Authors: Shirley Marr
Tags: #Teen & Young Adult, #Science Fiction & Fantasy, #Fantasy, #Paranormal & Urban
It was early and the school was like a crypt. Well, a mismatched jumble that looked more like a desecrated grave, actually.
I headed towards the spare staffroom, which basically doubled as a space for any group having a meeting: yearbook committee, debating team, angsty youth anonymous, you name it. I knew that Michael had somehow been roped into providing technical support for the newspaper crew and they had their meetings Friday mornings, so if I was lucky, I’d find him there.
Seemed like my lucky day had come. I could hear his voice coming from the open door. And by the sounds of it, his voice was having a heated conversation with … uh-oh. There could only be one girl that fierce.
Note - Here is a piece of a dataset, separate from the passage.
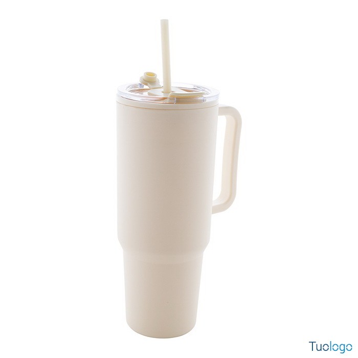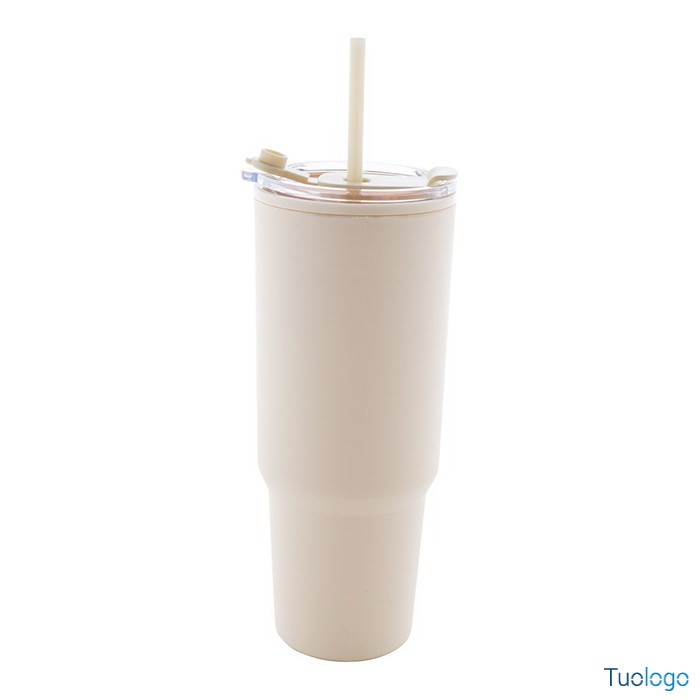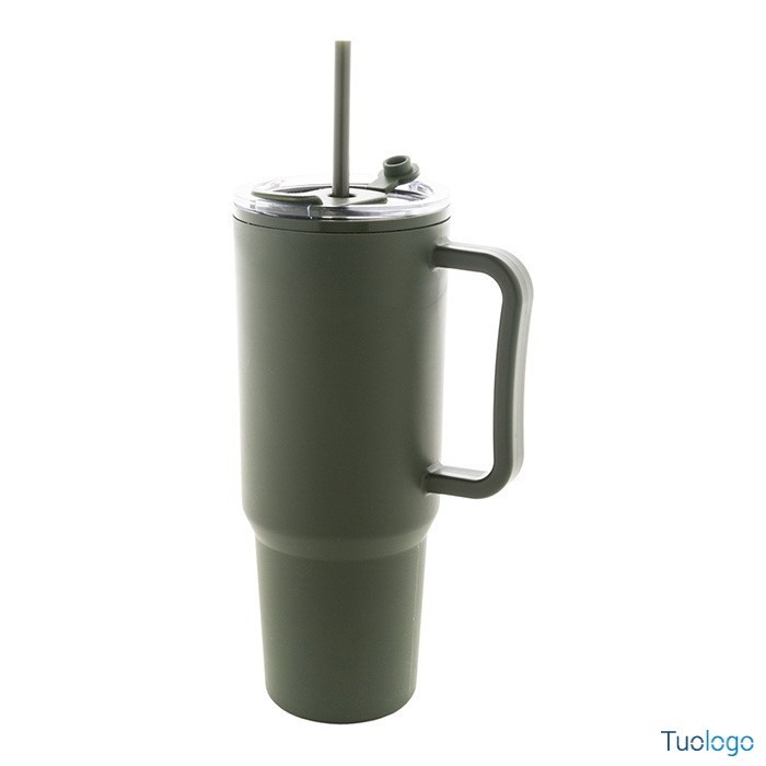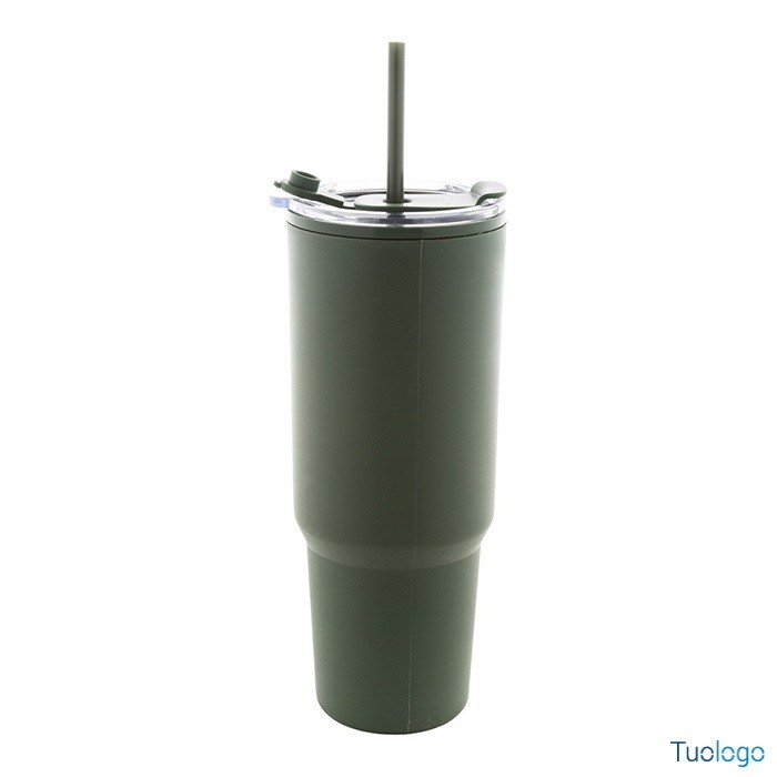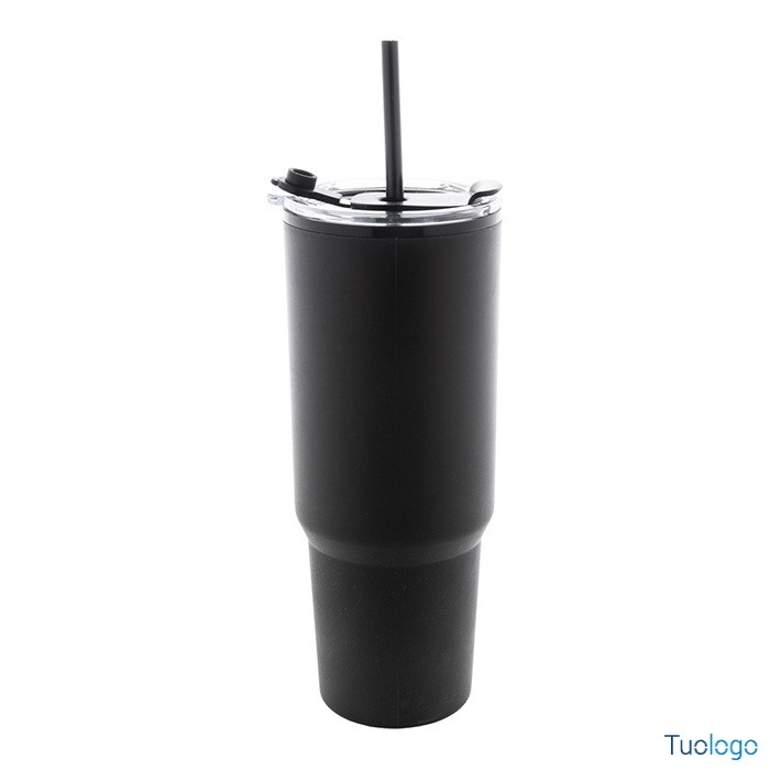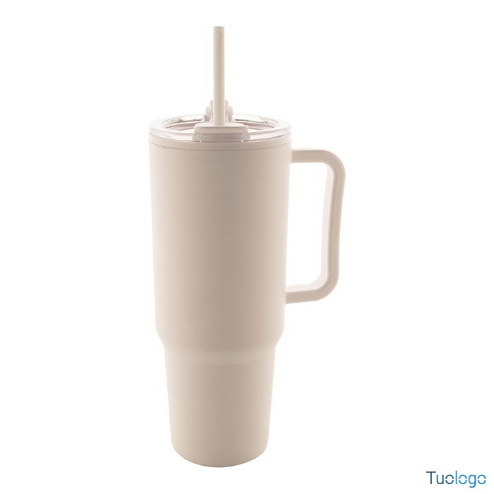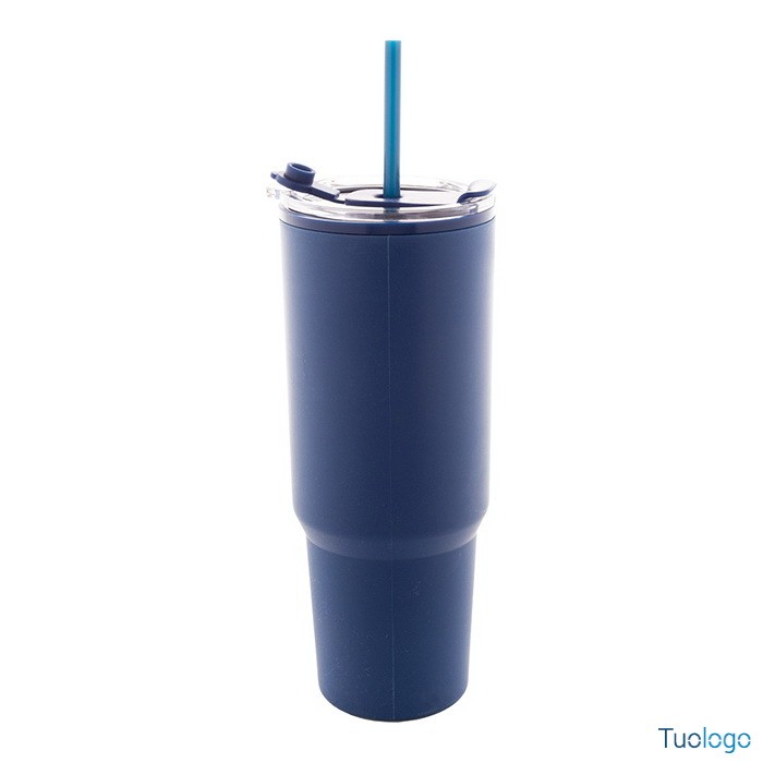 Tazza termica Deori. Tazza termica isotermica in plastica PP a doppia parete. Coperchio in PS e cannuccia in PP. Capacità 1100 ml. Dimensioni: diam cm 10×25.

“I need you to do me a favour and put in a good word for me with Victor Zhang.”
“Seriously? Why don’t you ask him to the ball yourself?”
“Because I want
him
to ask
me
. And I don’t want him to ask Valerie or Florence instead. Look, maybe I can help you with Rebecca.”
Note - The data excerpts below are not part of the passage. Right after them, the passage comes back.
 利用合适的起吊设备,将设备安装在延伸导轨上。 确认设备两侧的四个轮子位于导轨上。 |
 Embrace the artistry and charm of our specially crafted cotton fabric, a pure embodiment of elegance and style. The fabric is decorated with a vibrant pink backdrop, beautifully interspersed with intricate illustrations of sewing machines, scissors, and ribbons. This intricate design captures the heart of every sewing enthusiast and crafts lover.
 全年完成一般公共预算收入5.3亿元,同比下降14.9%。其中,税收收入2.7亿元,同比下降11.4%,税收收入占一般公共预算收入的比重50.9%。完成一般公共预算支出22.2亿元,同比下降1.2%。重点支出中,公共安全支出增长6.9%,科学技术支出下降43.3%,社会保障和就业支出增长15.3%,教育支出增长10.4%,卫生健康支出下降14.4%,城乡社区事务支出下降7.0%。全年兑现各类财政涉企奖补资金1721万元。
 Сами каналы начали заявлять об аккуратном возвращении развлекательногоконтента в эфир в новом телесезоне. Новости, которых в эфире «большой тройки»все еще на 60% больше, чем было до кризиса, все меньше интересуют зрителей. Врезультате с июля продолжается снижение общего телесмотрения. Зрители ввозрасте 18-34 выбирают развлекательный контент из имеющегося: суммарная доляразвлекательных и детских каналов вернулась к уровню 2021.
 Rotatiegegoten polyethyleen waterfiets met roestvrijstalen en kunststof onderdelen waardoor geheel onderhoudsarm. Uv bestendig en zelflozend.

I could hear the distain in her voice when she said “Rebecca”.
“This is all too hard. Stuff it. Why don’t I ask you to the ball instead?”
“Yes, I would be flattered, Michael,” replied Nancy. “If I found you mildly attractive. And don’t just ask me just ’cos I’m Asian too. Ask someone you actually
like
.”
“Um, hello,” I said, tapping my knuckles against the door.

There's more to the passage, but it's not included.